The proposed changes in a draft bill “are broadly in line with our expectations that the tax credits would be phased out earlier than currently written in law, but not repealed immediately,” Brett Castelli, an equity analyst at Morningstar, wrote in a note to clients.
Solar stocks led by First Solar soared on the news Tuesday. “We believe the market speaks more to calming investor fears of a worst-case scenario than the outcome being materially better than expected,” he added.
GE Vernova, the top wind turbine supplier in the US and fellow giant Vestas, also surged even though that sector did not fare as well in the draft. NextEra Energy, the solar and wind market pacesetter here, rose a modest $3/share in early afternoon trading.
The tax credits, available in the Inflation Reduction Act (IRA), are the most generous in the industry’s history. Prior President Joe Biden views the 2022 law, the nation’s most ambitious effort to address climate change, as his signature legislative achievement.
His administration, however, estimated their cost at $369bn, a fraction of $1trn to $2.2trn forecast by private energy analytical firms and money centre banks.
Two main reasons: no cap on their use, in most cases, and the 2032 date for their expiration is pegged to the US lowering power sector emissions to 25% of 2022 levels. As this would be difficult to achieve, the credits could remain in place for numerous additional years, according to some Republicans.

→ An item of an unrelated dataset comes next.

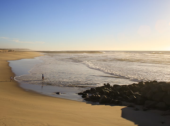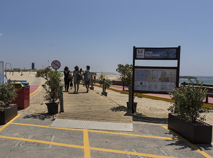 El acceso a la playa obliga atravesar la pista aérea del Aeródromo. Un inmenso arenal dividido por un pontón artificial que rodea una capilla. Se encuentra cerca del Club de Golf fundado en 1890. Câmara Municipal de Espinho
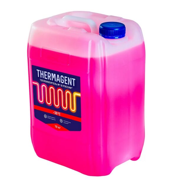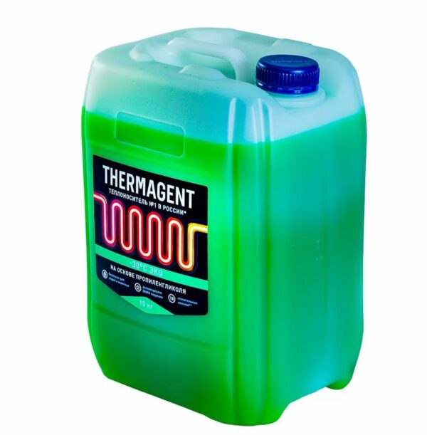 Этиленгликоль, который используется для изготовления антифризов, представляет собой прозрачную маслянистую жидкость без запаха. Это двухатомный спирт, для которого характерна устойчивость к замерзанию при минусовых температурах. Технология производства термагентов предусматривает разбавление этиленгликоля водой для получения состава с заданной температурой начала кристаллизации, а также добавление карбоксилатного пакета многофункциональных присадок. Этиленгликоль токсичен, поэтому термагенты на его основе рекомендованы к применению в системах, где вероятность соприкосновения человека с антифризом минимальна. Хорошим выбором для отопительной системы может быть теплоноситель Thermagent -65 ˚C на основе высококачественного очищенного этиленгликоля. Антифриз создавался для использования в качестве рабочей жидкости закрытых систем отопления жилых и производственных зданий, систем охлаждения производственного оборудования, чиллеров, холодильных агрегатов и т. д.

The 389-page bill, which the tax-writing Ways and Means Committee in the House of Representatives is expected to approve later today (Tuesday), would move forward sunset dates for some subsidies, while preserving others.

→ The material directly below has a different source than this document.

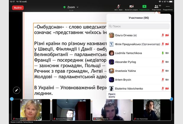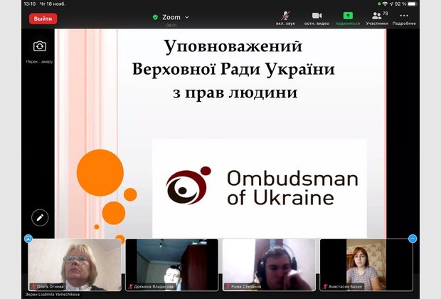 18 листопада відбулася зустріч з регіональним координатором взаємодії з громадкістю Уповноваженого Верховної Ради України з прав людини в Одеській області пані Людмилою Ямщиковою. Це перший захід, який проведений за підписаним Меморандумом про співпрацю між представником Уповноваженого Верховної Ради України з прав людини в південних областях та Придунайською філією Приватного товариства "Вищий навчальний заклад "Міжрегіональна академія управління персоналом".

Tax credits for clean hydrogen production, and purchase of new and used electric vehicles would expire at the end of this year. The exception: end of 2026 for manufacturers that produce less than 200,000 vehicles.

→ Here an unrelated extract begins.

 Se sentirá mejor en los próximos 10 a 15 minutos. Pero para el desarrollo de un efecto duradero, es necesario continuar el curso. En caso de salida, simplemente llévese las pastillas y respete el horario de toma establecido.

Technology-neutral, zero-emissions clean energy investment and production tax credits, known as Section 48E and Section 45Y, respectively, would begin to phase down in 2029 – 80% of present value, 60% in 2030, 40% in 2031, and go away in 2032.
These cover wind, solar, geothermal, batteries, and certain other clean energy technologies. A separate credit for nuclear energy would also phase down on this timeline.
Importantly, the draft makes it more difficult for projects to qualify for the credits by first placing them “in service,” versus the year they begin construction under the IRA.
Tax incentives for clean energy manufacturing would end in 2027 for wind energy components but continue through 2031 for other clean energy technologies.
Also, set to continue would be tax credits for carbon capture and storage along with direct air capture.
In all cases, the bill places stricter limits on foreign ownership of projects that could potentially qualify for tax credits.
The IRA’s new transferability feature, which allows project sponsors to sell clean energy tax credits to third-party buyers for cash, would phase out at the end of 2027.
The bill is the core of massive tax and spending legislation sought by Trump that includes extending his 2017 tax cuts that expire at the end of this year. It reduced both corporate and individual taxes for most households.
To help reduce the roughly $5trn cost over the next decade, Trump is looking to slash federal spending that includes a large chunk of IRA green funding.
Republicans intend to pass his so-called "big beautiful bill" using the budget reconciliation process that requires a simple majority vote in the House and Senate.
This is what opposition Democrats under Biden did to pass IRA which did not receive a single Republican vote.
Republicans have a 220-213 majority in the House and 53-47 control in the Senate where Vice President JD Vance in his role as Senate president could cast the deciding affirmative vote in the unlikely event the bill is deadlocked 50-50 when brought to the floor.